-- Supplied entries follows --
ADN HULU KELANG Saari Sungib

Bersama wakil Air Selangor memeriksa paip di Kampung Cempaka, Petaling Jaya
-- Supplied entries concluded --
-- Supplied entries follows --
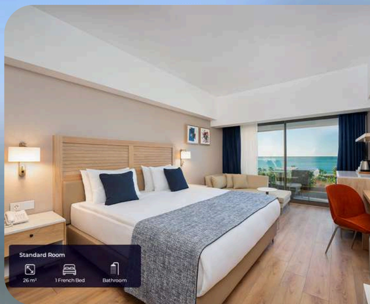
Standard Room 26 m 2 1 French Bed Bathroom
-- Supplied entries concluded --
- **Task requirements**
Taking the entries above, restate exactly those lines that fall between the line with "ADN HULU KELANG Saari Sungib" and the line with "Bersama wakil Air", keeping both of those lines too.

- **Problem solution**
ADN HULU KELANG Saari Sungib

Bersama wakil Air Selangor memeriksa paip di Kampung Cempaka, Petaling Jaya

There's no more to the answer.